Studio album by Fann Wong
- Released: October 3, 2000
- Genre: Mandarin pop
- Label: Hype Records (Singapore), EMI (Taiwan)

Fann Wong chronology
| 想你 Missing You (1999) | No Problem (2000) | 愛上了你 In Love With You (2005) |

= No Problem (Fann Wong album) =

No Problem (沒有問題 (没有问题)) is Fann Wong's fourth album release in Taiwan. It has ten tracks. The title track is influenced by Irish and Celtic bubblegum pop. The 8th track, a romantic ballad called "Stay", is the theme song for both When I Fall in Love...With Both and Looking For Stars.

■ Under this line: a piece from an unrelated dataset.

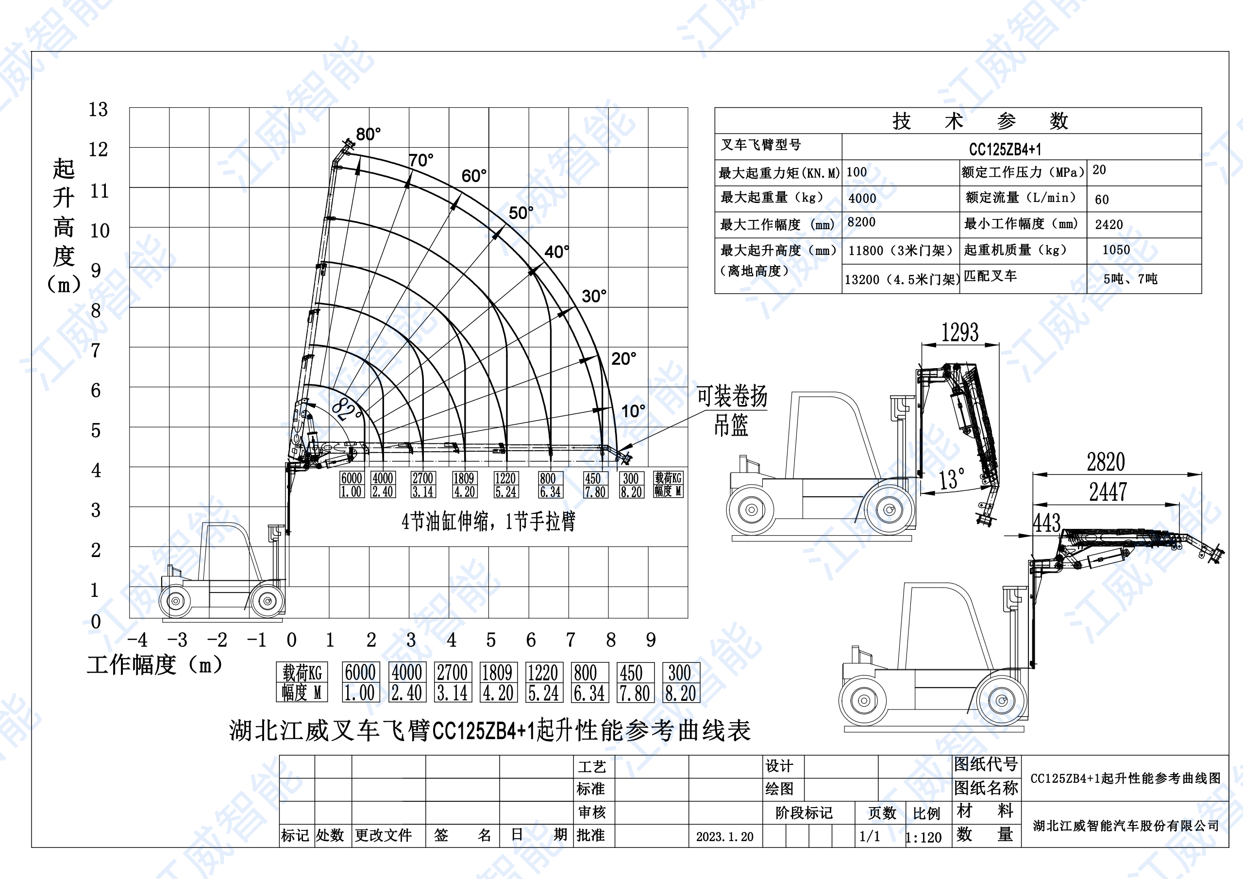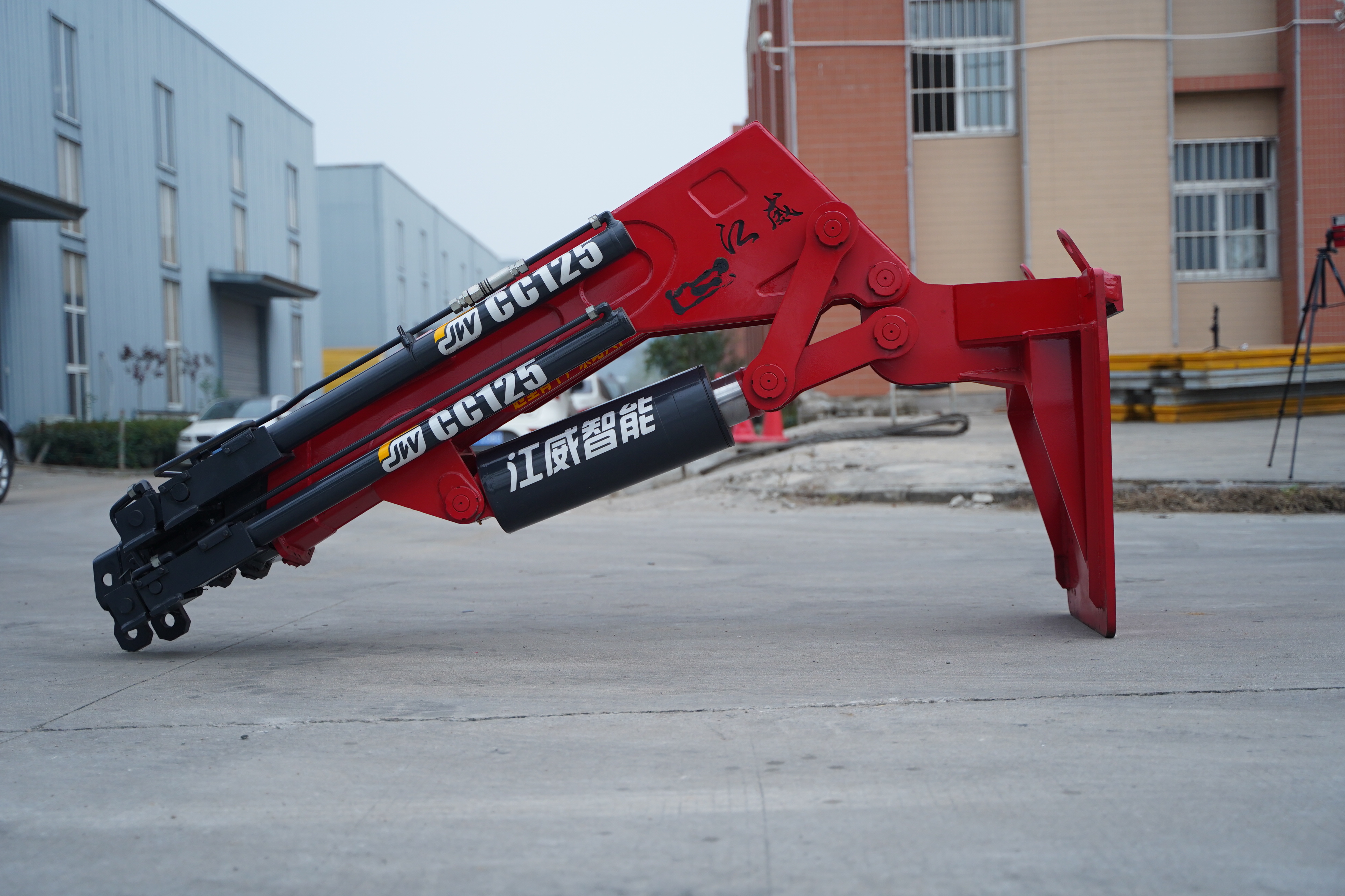 江威6噸飛臂吊(CC125),4節(jié)液壓一節(jié)手拉臂帶彎頭副臂,最大工作半徑8.2米,不出臂吊4.5噸,全部升出吊300多公斤,建議配在5噸或5噸以上的叉車上,如果只需要高度也可以配3.5噸叉車,加叉車門架高度3米最大起升高度11.7米。

Mickey Huang was the lyricist for the song "No Problem". While Wong filmed the music video for the song, she road a surfboard. For one music video in the album, Wong lay on a road that was 34 C. The album was produced by EMI Records. It was released on 3 October 2000 in Taiwan.

==Track listing==
1. 沒有問題
2. 也許
3. 你的溫度
4. 好想
5. 發呆
6. 好習慣
7. 到底等什麼
8. Stay
9. 另一個城市
10. 最近

==Reception==
A Today reviewer liked Wong's "pleasant vocals" but found that "the music keeps overpowering her paper-thin vocals throughout the album" and thought the album was "a predictable repeat of pleasant but boring radio friendly tracks". The Straits Times said No Problem features "catchy ditties which showcase her girlie pipes to devastating effect".

Lanzhou Morning Post stated the lead song, "No Problem", has a "delicate and light arrangement". According to Chengdu Evening News, No Problem has a "light and lively melody" and said Wong has a "sweet vocal delivery".